What emerged was that this technology provides a quick and easy way for people to let the world know what is going on. One might expect that the mullahs would just pull the plug on all of the communication and internet resources that allowed this. But this is where the politics gets interesting.
To some extent, all of the things that Ahmadinejad and the mullahs have been doing with respect to nuclear enrichment have relied on having a digital infrastructure in place. They cannot just shut it off without screwing themselves. So they shutdown or block servers that carry digital traffic outside the country.
Twitter matters because people on the outside can help,
by setting up software to provide misdirection, anonymity, and proxies so that bloggers and tweeters in Iran can bypass the routes that have been restricted by the mullahs.
Twitter matters because 24 hours ago, I had never heard of Tor, and had only the vaguest idea of how to set up proxies (my 12 year old already knew, but that is another story). Now I have several things set up to try and help.
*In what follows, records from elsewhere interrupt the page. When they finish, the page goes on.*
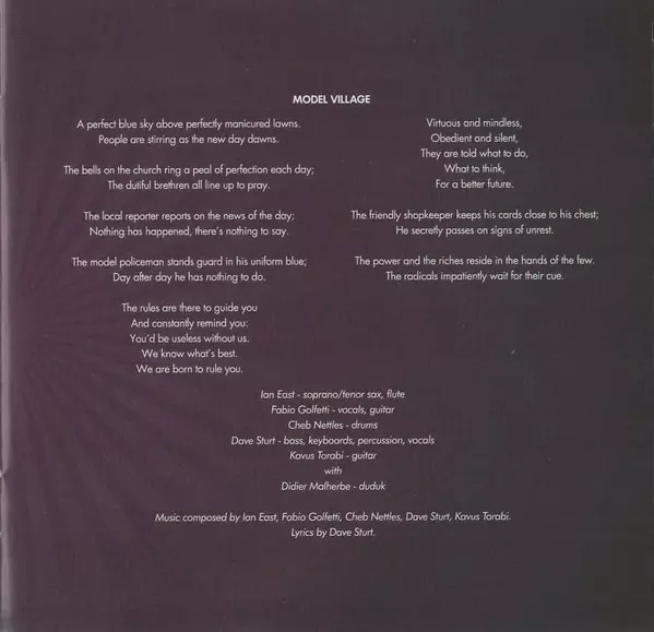 Bass, Vocals Dave Sturt | Drums, Vocals Cheb Nettles | Guitar, Guitar [Gliss] Fabio Golfetti | Soprano Saxophone, Tenor Saxophone Ian East | Vocals, Guitar Kavus Torabi
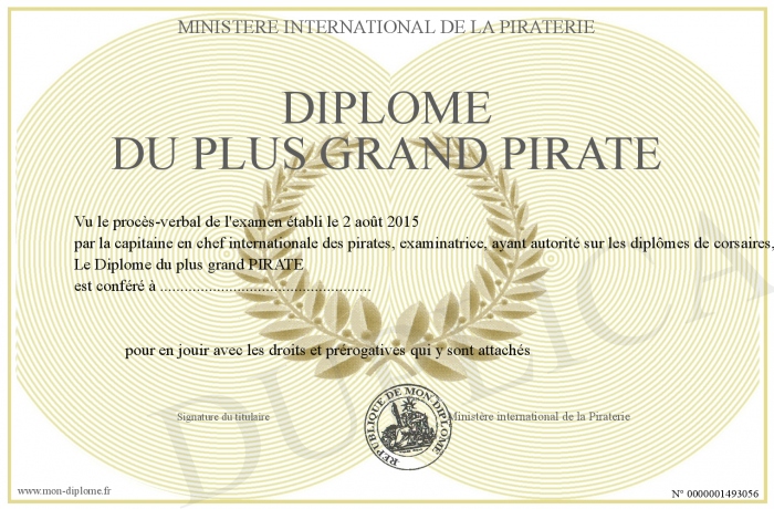 Envoyez par email votre Diplôme du plus grand PIRATE personalisé
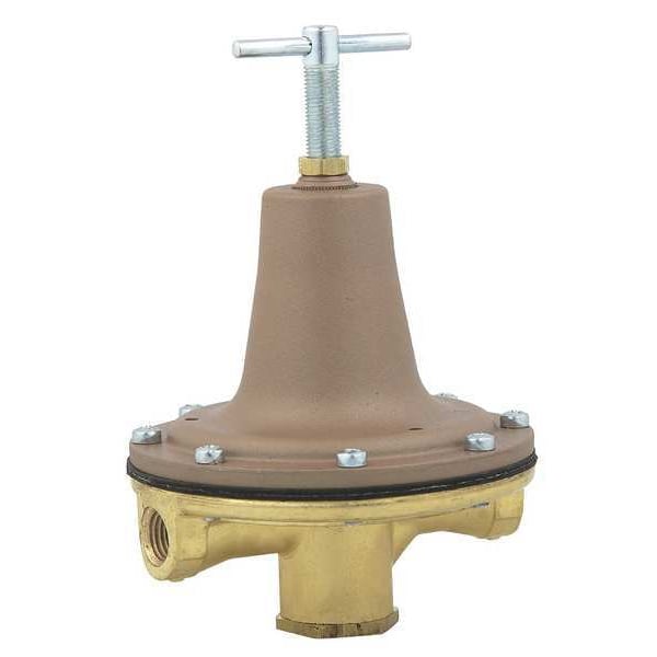 Pressure Regulator, Series 215, Body Material Brass, Inlet Size 3/8 in, Outlet Size 3/8 in, Length 4 1/4 in, Height 6 in, Application Commercial Use, Residential Use, Connection Type FNPT, Pressure Adjustment Range 0 to 50 psi, Gauge Port Size Not Applicable, Seal Material Buna-N, Max. Temp. 120 Degrees F, Pipe Size 3/8 in, Max. Pressure 300 psi, Compliance Lead Free

A friend of mine and I had a spirited debate over whether Twitter was helping. He seemed to think, from what I can tell, that the fact that 90% of those tweeting support couldn't find Iran on a map, and didn't know anything about Iranian politics, meant that they should just shut up and get out of the way. But the point is that people
are watching, even if they do not know what they are seeing. They can certainly understand a bystanding young woman being shot on the street by the government.
I don't have a dog in the Iranian election fight, and it might well be six of one, half dozen of the other when it comes to who won. I don't know enough to speak about what is going on.
But I do support peaceful assembly, and free speech, and I don't think these sentiments are just products of American cultural imperialism. There is a
Universal Declaration of Human Rights, and peaceful assembly and free speech are in it. So I want to help, and will, in a tiny way, knowing that my servers are not going to change the world. But enough drops fill buckets.